- [To do] From the records below, please repeat exactly the line that has "Tetování portrét obličeje", the line that has "To give the", and every line between them, and nothing else.

[[ Data shown open ]]

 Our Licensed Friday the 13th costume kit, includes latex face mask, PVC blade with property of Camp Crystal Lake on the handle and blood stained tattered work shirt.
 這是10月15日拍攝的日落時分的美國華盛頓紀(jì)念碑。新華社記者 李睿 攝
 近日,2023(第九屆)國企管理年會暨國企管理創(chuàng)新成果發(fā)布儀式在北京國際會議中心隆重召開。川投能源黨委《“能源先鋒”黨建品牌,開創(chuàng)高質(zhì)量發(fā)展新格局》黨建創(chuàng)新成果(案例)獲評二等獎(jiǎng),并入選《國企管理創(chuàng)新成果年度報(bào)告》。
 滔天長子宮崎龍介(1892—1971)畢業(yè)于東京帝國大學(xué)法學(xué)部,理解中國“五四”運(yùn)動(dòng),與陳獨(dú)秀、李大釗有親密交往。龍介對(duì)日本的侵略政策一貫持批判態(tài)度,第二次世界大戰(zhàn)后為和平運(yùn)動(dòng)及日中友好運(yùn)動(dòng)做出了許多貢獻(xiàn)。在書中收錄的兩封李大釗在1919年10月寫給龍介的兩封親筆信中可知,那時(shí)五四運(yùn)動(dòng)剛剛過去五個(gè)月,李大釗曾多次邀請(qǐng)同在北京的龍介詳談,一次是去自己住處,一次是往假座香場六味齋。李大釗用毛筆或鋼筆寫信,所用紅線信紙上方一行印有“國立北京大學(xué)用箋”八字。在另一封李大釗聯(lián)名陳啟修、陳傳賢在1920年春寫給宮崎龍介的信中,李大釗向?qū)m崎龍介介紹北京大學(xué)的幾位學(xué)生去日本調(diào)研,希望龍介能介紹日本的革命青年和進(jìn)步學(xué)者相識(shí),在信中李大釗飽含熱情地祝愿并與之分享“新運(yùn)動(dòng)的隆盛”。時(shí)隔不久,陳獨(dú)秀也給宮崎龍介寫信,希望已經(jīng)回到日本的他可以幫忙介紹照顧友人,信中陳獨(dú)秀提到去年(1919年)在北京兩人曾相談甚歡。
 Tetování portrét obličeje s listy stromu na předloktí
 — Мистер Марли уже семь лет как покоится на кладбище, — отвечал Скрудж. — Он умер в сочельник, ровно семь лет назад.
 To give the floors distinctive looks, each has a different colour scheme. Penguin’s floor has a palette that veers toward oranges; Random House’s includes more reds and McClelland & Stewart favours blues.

[[ Data shown closed ]]
[[ Data shown open ]]

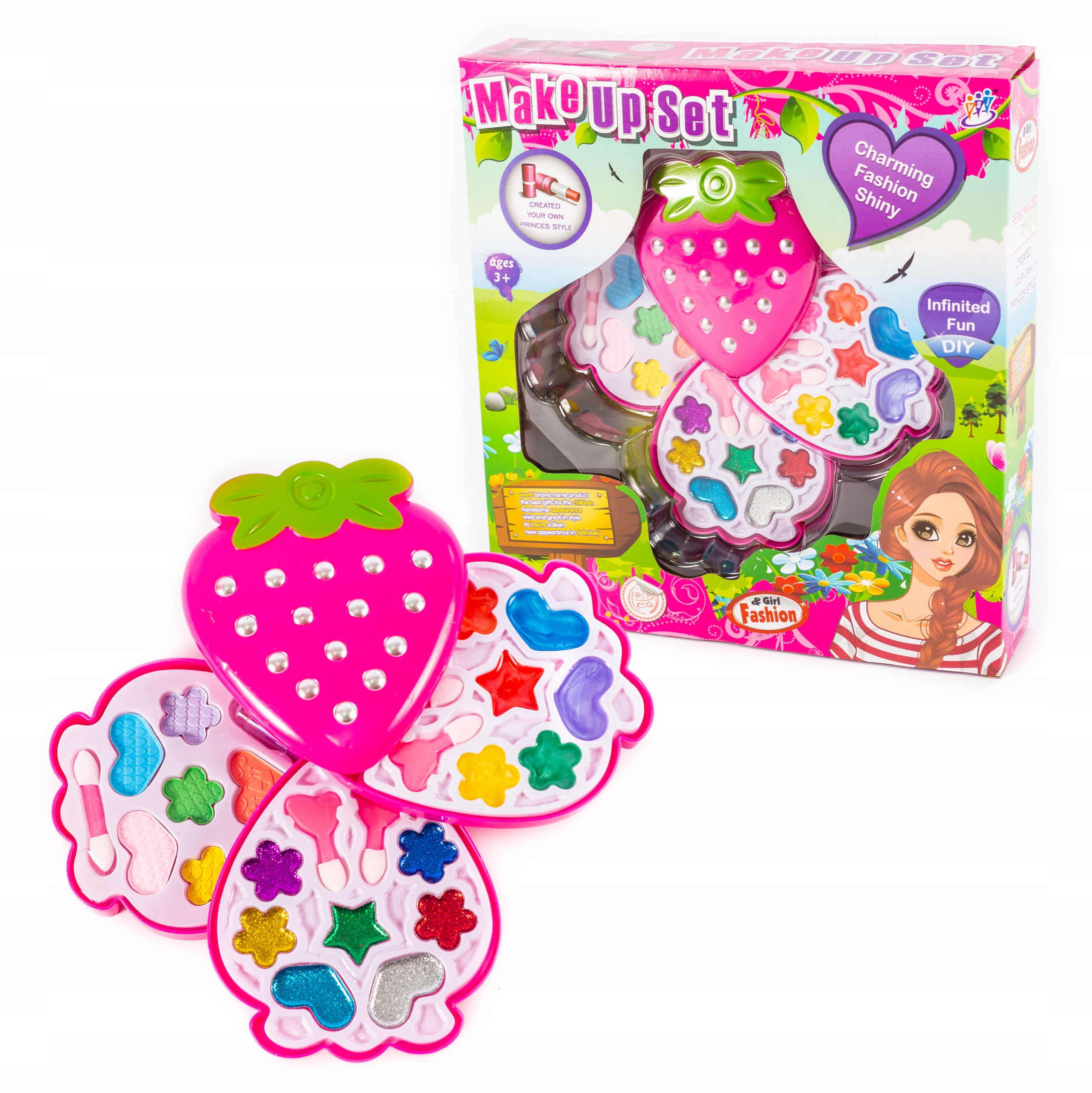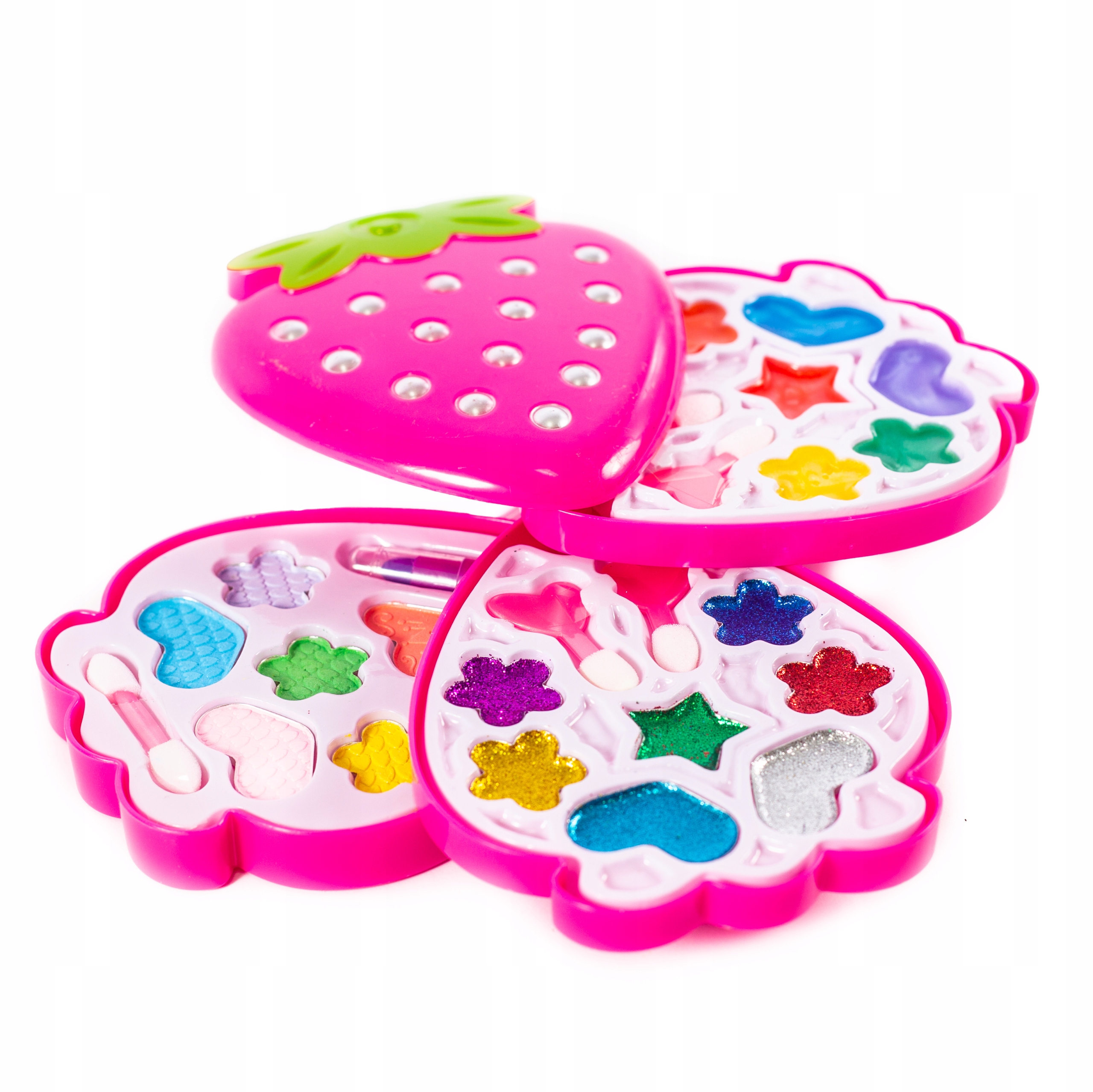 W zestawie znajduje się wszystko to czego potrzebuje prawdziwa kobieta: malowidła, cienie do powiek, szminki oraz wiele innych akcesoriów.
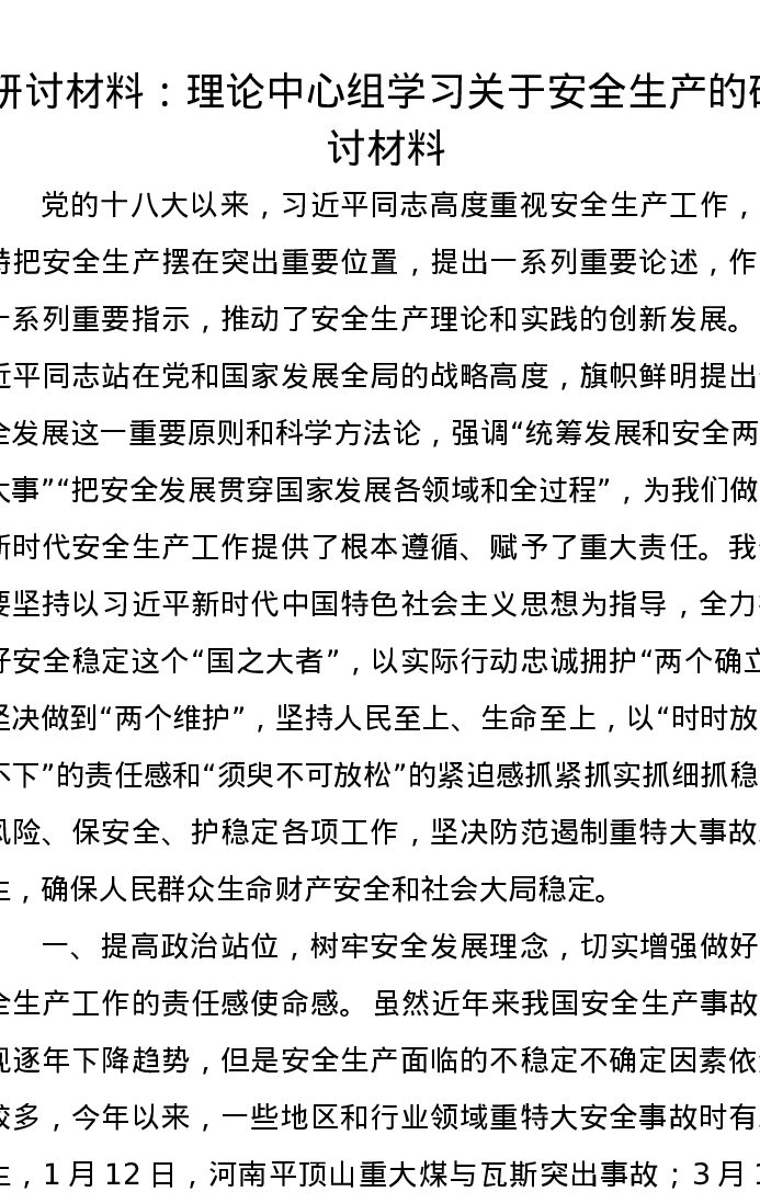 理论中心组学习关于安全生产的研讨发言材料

[[ Data shown closed ]]

- [The answer]
 Tetování portrét obličeje s listy stromu na předloktí
 — Мистер Марли уже семь лет как покоится на кладбище, — отвечал Скрудж. — Он умер в сочельник, ровно семь лет назад.
 To give the floors distinctive looks, each has a different colour scheme. Penguin’s floor has a palette that veers toward oranges; Random House’s includes more reds and McClelland & Stewart favours blues.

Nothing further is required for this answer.